Der Russlandexperte Gerhard Mangott gibt sich überzeugt, dass der Anschlag auf die Moskauer Metro das Werk nordkaukasischer Islamisten ist

Der Russlandexperte Gerhard Mangott vom Innsbrucker Institut für Politikwissenschaften erklärt im Gespräch mit derStandard.at die Hintergründe des Doppelanschlags auf die Moskauer Metro. Dass die Spur in den Nordkaukasus führt, scheint ihm sicher.

derStandard.at: Der Vorsitzende des Sicherheitsausschusses der Staatsduma vermutet, es handle sich bei dem Anschlag um eine Racheaktion nordkaukasischer Terroristen für die Tötung eines ihrer Kader. Was war Ihre erster Gedanke?

Gerhard Mangott: Es spricht vieles für diese These. Bei dem von Sondereinheiten des Inlandsgeheimdienstes getöteten Mann handelte es sich um einen ethnischen Russen, der für technische Operationen wie lokale Anschläge zuständig war. Das kann natürlich ein Anlassfall sein, noch einmal deutlich zu machen, dass man trotz aller lokaler und föderaler Maßnahmen jederzeit in der Lage ist, sich zu restrukturieren und auch außerhalb des nördlichen Kaukasus solche Operationen durchzuführen. Der Anschlag selbst macht deutlich, dass die Terroristen ein Signal an die politische Führung und die Bevölkerung senden wollten, dass der Konflikt im Nordkaukasus auch nach nunmehr 19 Jahren nicht gelöst werden konnte. 

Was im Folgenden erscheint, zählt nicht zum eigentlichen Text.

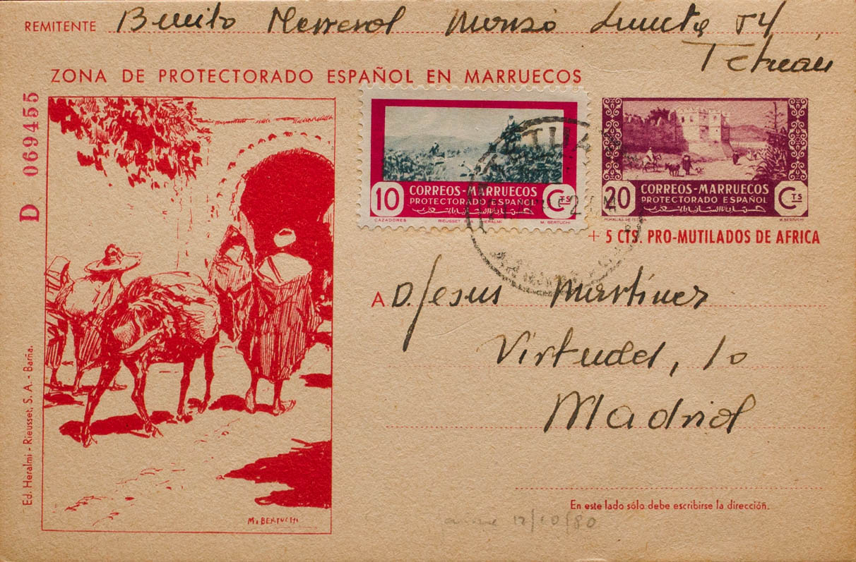 EP89, 331. 1952. 20 cts lila y rojo (Serie D, Tipo III) sobre Tarjeta Entero Postal de TETUAN a MADRID, con franqueo complementario de 10 cts. MAGNIFICA Y RARA. (Láiz 2006, 310 Euros)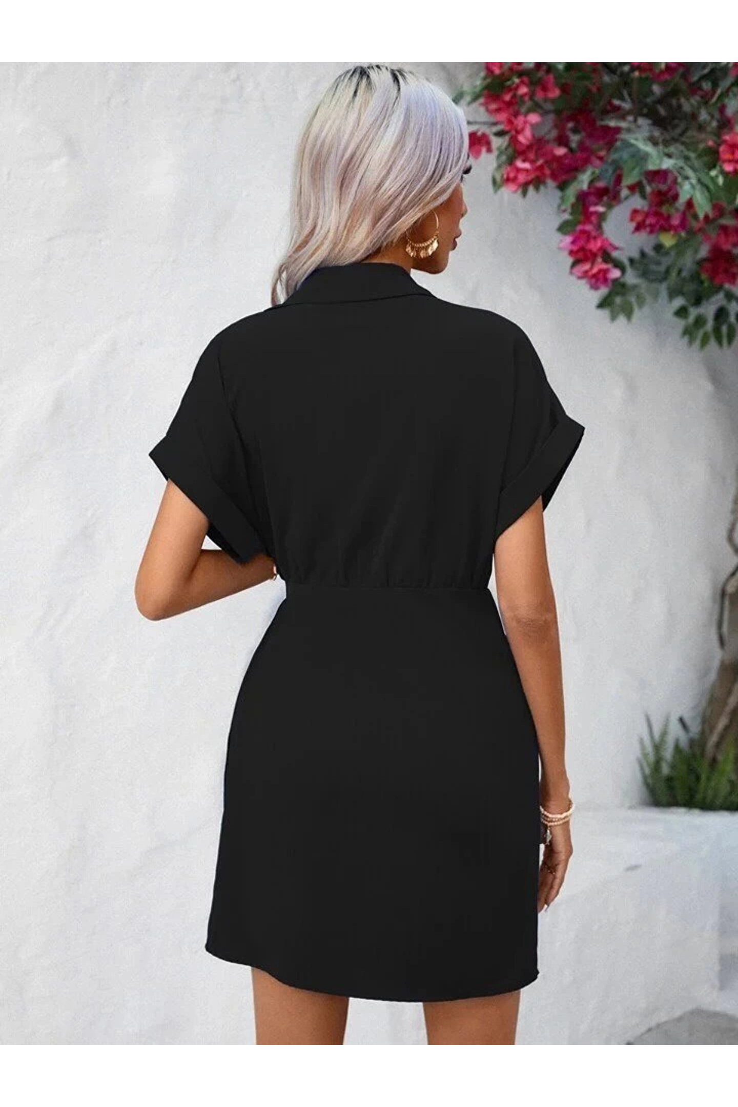 Kadın Kısa Kollu Yakalı Yandan Bağlamalı Dokuma Elbise

derStandard.at: Eine der Explosionen hat sich in unmittelbarer Nähe zum Hauptquartier des russischen Inlandsgeheimdienstes FSB ereignet. Zufall oder Absicht?

Mangott: Das war sicher genau so geplant. Die Tötung des technischen Leiters im Nordkaukasus war ja eine FSB-Aktion, wenn es sich also um eine unmittelbare Racheaktionen gehandelt haben sollte, scheint die Auswahl dieser U-Bahnstation logisch.

derStandard.at: Jüngst gab es einen Skandal um gefälschte Videoaufzeichnungen in der Moskauer U-Bahn. Sind die Sicherheitsvorkehrungen ausreichend?

Mangott: Es ist geradezu unmöglich, solche Anschläge in der Moskauer U-Bahn zu verhindern - so wie eigentlich in allen derartigen U-Bahnen. Sie ist eben ein weiches Ziel und damit ein primäres Ziel terroristischer Aktionen. Angesichts der enormen Frequentierung der U-Bahn ist es nicht möglich, dem technisch vorzubeugen, etwa durch Metalldetektoren oder Bodyscans. Dass die Moskauer U-Bahn schon oft Ziel terroristischer Anschläge war, zuletzt 2004, zeigt ja, dass nicht mangelnde Sicherheit Schuld trägt, sondern schlicht und ergreifend der Umstand, dass die U-Bahn nicht zu schützen ist.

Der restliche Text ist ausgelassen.